Es gebe dort auch Araber, die etwa Chef­ärzte sind. „Muslime können eine Bereicherung auch für euer Land sein.“ Zumal die überwiegende Mehrheit schlicht in Frieden leben wolle und fleißig sei. Der Fremdenführer, der in Hamburg studierte und in Berlin gearbeitet hat, sieht es pragmatisch. Man müsse schlicht miteinander klarkommen. Aber: „Können sie mich auch leiden? Egal!“ Eine solche Handlung könne er sich – auch wenn Lavi den Deutschen ausdrücklich nichts vorschreiben wollte – hier vorstellen.

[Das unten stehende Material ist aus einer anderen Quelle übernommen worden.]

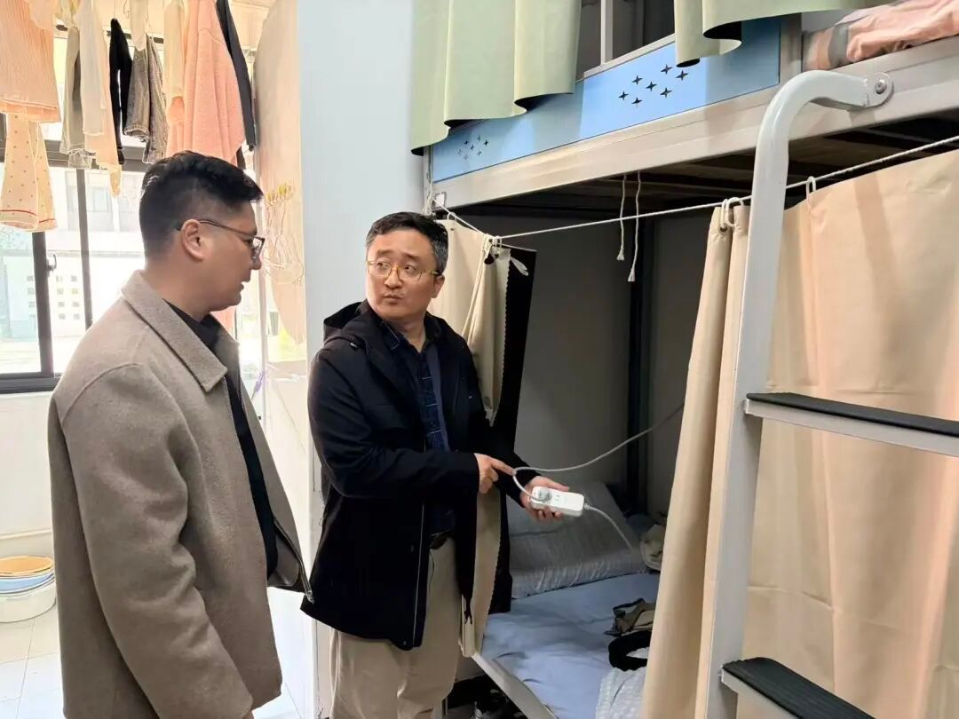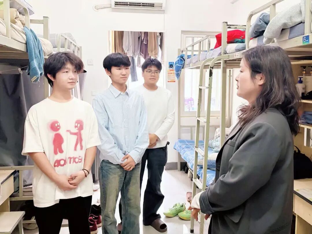 走访过程中,老师们深入每一间宿舍,重点围绕违禁品排查、公共设施安全检查、宿舍卫生整治三大核心内容展开细致检查。领导和老师们逐一查看宿舍床铺、柜子、桌子下方等隐蔽角落,严格排查各类违规违禁物品,向学生普及违禁品的危害及相关管理规定,引导学生自觉遵守宿舍管理条例。同时,针对宿舍卫生情况进行全面检查,督促学生及时清理生活垃圾,整理个人物品,保持宿舍内部干净整洁、通风良好,养成良好的生活习惯。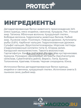 Дегидратированные белки животного происхождения 24 % (мясо курицы, мясо индейки, свинина), кукуруза, рис, утиный жир, тапиока, яблочные волокна, кукурузный глютен, бобовые волокна, гидролизаты животных белков, рыбий жир, льняное семя, псиллиум, пивные дрожжи, аутолизаты рыбы (0,6 %), карбонат кальция, гидролизованные дрожжи, сульфат кальция, фруктоолигосахариды, морские пептиды (гидролизованный коллаген типа II), хлорид калия, канадский мелколепестник, таволга вязолистная, гарпагофитум, бамбук, артишок, больдо, ива кустарниковая, куркума, розмарин, дрожжевые экстракты (Saccharomyces cerevisiae, Cyberlindnera jadinii), вереск, липа, бузина, толокнянка, крапива, клюква, черная смородина, юкка.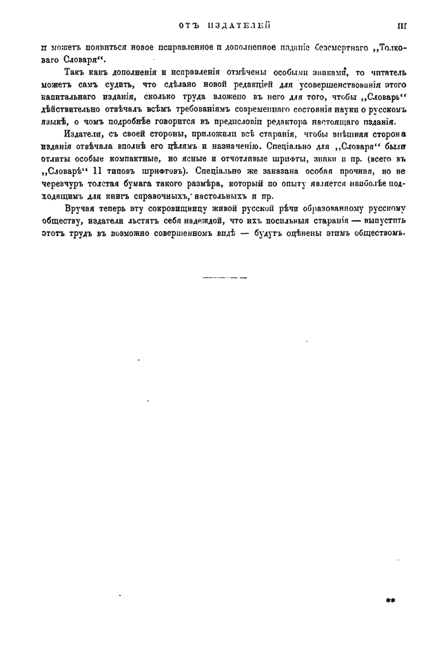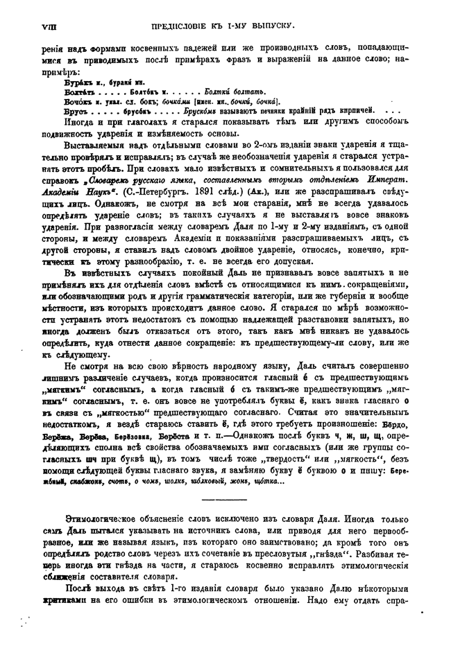Настоящее издание является третьим со времени выхода в свет в 1863 – 1866 гг. первого издания Толкового словаря живого великорусского языка. Наряду с лексикой литературного языка первой половины XIX века, то есть языка Пушкина и Гоголя, в словаре представлены областные слова, а также терминология разных профессий и ремёсел. Словарь содержит громадный иллюстративный материал, в котором первое место принадлежит пословицам и поговоркам. По оценке академика В. В. Виноградова, «как сокровищница меткого народного слова, словарь Даля будет спутником не только литератора, филолога, но и всякого образованного человека».

Und was, so wollte eine Zuhörerin wissen, würde er sich wünschen, wenn er alle Macht der Welt hätte? „Ich würde alle Grenzen abschaffen. Wozu brauchen wir Grenzen?“

Wolfgang Maas

Zur Sache

Der Verein Gebetshaus Dortmund hat sich in den vergangenen zwei Jahren weiterentwickelt. Es gibt eine feste Vereinsstruktur sowie regelmäßige Gebetstreffen in verschiedenen Dortmunder Gemeinden. Seit Anfang des Jahres trifft sich eine Israelgebetsgruppe, durch die der Kontakt zu Chaim Lavi zustande kam. Die Gründerin Marianne Hackmann hat zuletzt eine Gebetstaskforce ins Leben gerufen. „Hier handelt es sich um eine Gebetseinsatzgruppe. Bei Bedarf oder besonderen Anlässen treffen wir uns am entsprechenden Ort zum Gebet“, so Hackmann. Eine eigene Immobilie gibt es aber noch nicht.